Renewed Leadership for the Broad Indexes?

The S&P 600 Small Cap index finally broke above the 363 resistance mark on Monday. As the chart below reflects the move has taken some time to develop, but now the question begs… how high do we move from here? Or, is this a false break similar to the one posted on March 19th? Either way this is a move worthy of watching short term. The short term target on the move higher is 496 for the index. The small cap stocks led the way early off the October lows in 2011, but has been trading sideways since early February. Are they an indicator for the next leg higher in the broad markets? That is the move we are looking for short term. Monday gave several sectors a needed move higher which could  extend the move higher for the broad markets.

Technology has been a solid leader and extended the move above resistance on Monday. The move on XLK pushed through the $30.10 mark and is in position to take the next leg higher. The key to the move higher for the sector will be the semiconductor stocks (SOXX) which made a solid move above resistance as well on Monday closing above $59.60. Networking (IGN) has been the laggard of the sector overall, but made a solid move above $30.65 with $31.75 the next resistance point. Cisco made a solid move to a new high to lead the sector. Both sectors could offer the needed catalyst on the upside. Watch for a follow through in the sub-sectors to carry the broader technology sector higher as well.

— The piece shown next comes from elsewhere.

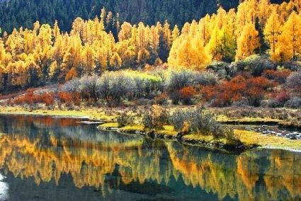 珍珠海周邊層林盡染,圍繞海子一圈,和雪山一起倒影湖面,分不清天空和水下,分不清上下真實。

Healthcare jumped with the broad markets, but I believe they moved higher in anticipation of the Supreme Court making a ruling versus delaying a decision in relation to the Obama Healthcare Plan. Either way you have to like the moves higher in the sector. Medical devices, pharmaceuticals, providers and biotech all jumped higher on Monday. The sector recently broke from consolidation at $36.50 and has spent the last two weeks testing the move. The sector held support and and is now back above the previous high. The strong push to the upside will be important to watch as the Court decides on the outcome and the sectors ultimate direction. The providers (IHF) will have the biggest impact from a negative ruling.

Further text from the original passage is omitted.